En réalité, ce sont des centrales à gaz capables de brûler aussi de l’hydrogène, mais qui doivent être subventionnées, car leur fonctionnement intermittent en complément des productions elles-mêmes intermittentes des EnRI, va limiter leur rentabilité. »
NB : là-dessus, ne pas hésiter à aller sur le compte
parodique RACG @charbongaz (il faut bien préciser parodique parce qu’ils
ont eu des problèmes) qui traite très bien de cette problématique
« Dans cet objectif, l’Allemagne prévoit, dès 2024, de lancer des appels d’offres pour près de 9 GW de nouvelles centrales à gaz censées fonctionner dès le départ à l’hydrogène. »

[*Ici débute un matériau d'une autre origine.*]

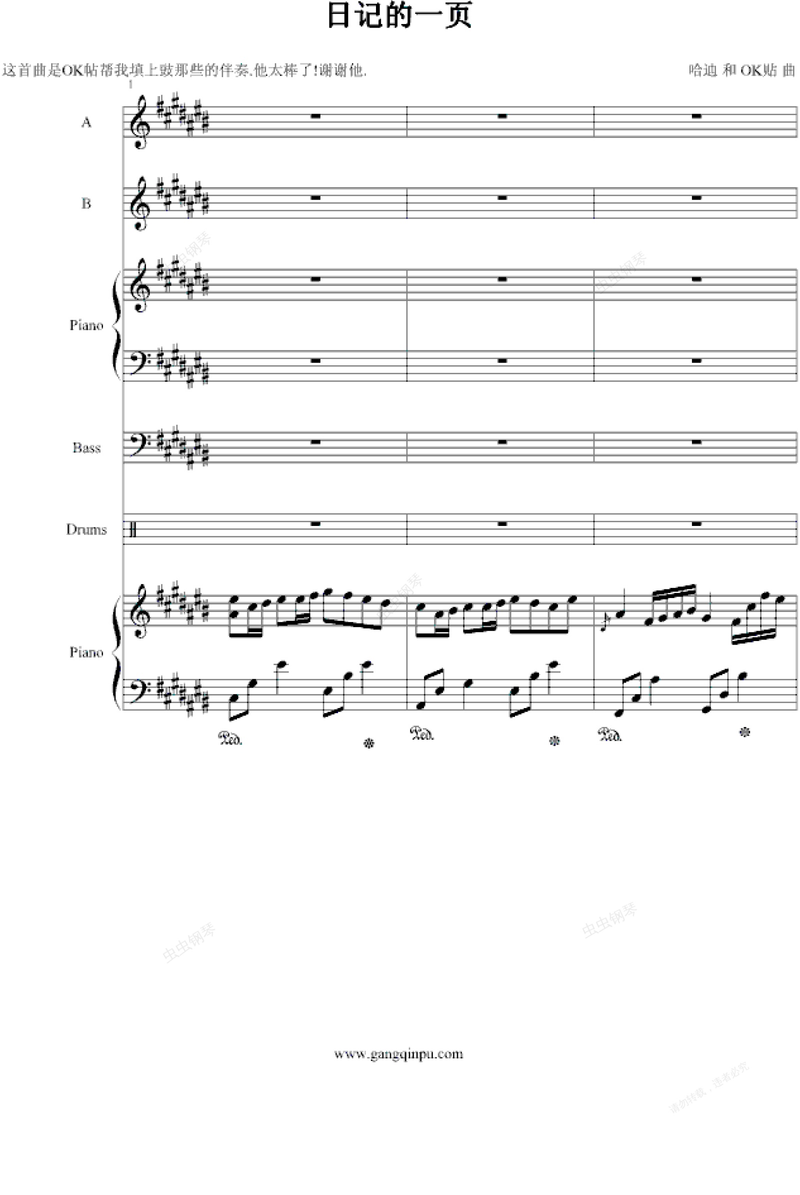 钢琴谱:日记的一页

Et quand bien même ces centrales hydrogen ready fonctionneraient à l’hydrogène, la question à plusieurs milliards reste :
« Et d’où viendrait l’hydrogène consommé dans ces centrales « à gaz » ?
Selon l’Allemagne, l’électricité requise serait majoritairement produite par des éoliennes en mer…

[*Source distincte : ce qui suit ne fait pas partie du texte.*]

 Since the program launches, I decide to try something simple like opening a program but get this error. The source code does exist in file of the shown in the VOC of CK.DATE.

McKinsey estime à 30 GW au moins le manque de moyens
pilotables en Allemagne à l’horizon de 2030. Ce cabinet d’experts doute que les conditions pour
la construction des nouvelles centrales soient remplies en temps voulu. Notamment, la bascule vers un hydrogène « vert » à un prix raisonnable reste incertaine, voire illusoire.

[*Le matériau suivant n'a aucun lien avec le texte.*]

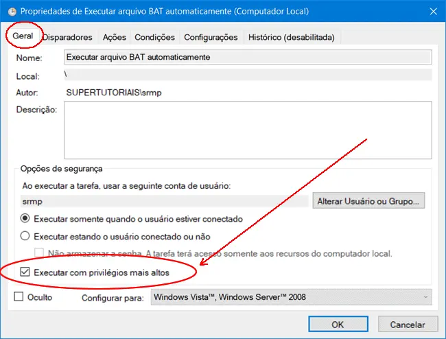 10. Se o arquivo BAT precisar ser executado como administrador, clique com o botão direito nele na lista, selecione “Propriedades” e, em “Geral”, marque a opção “Executar com privilégios mais altos”.
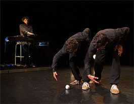 Mouvement jonglé - Dès 4 ans Ce duo intimiste évolue dans le mouvement jonglé, physiquement engagé, qui interroge la complexité des rapports humains. Expression à quatre bras, quatre jambes, dessinant entre terre et ciel une chorégraphie animée de jeux où passe le souffle de la magie et de l’humour.

La capacité nationale de production d’énergies éolienne
et solaire (estimée à environ 100 TWh en 2030) ne suffira pas à couvrir le
besoin d’électricité pour la production d’hydrogène dont les importations
seront indispensables, comme les importations de gaz méthane aujourd’hui.
Ben c’est pas grave et c’est là que c’est rusé ; parce qu’en attendant Godot hydrogène vert, ces centrales hydrogène ready pourront très bien fonctionner… et même se rentabiliser au gaz classique…tout en étant financée au nom de la transition écologique et par des crédits verts. Rusé !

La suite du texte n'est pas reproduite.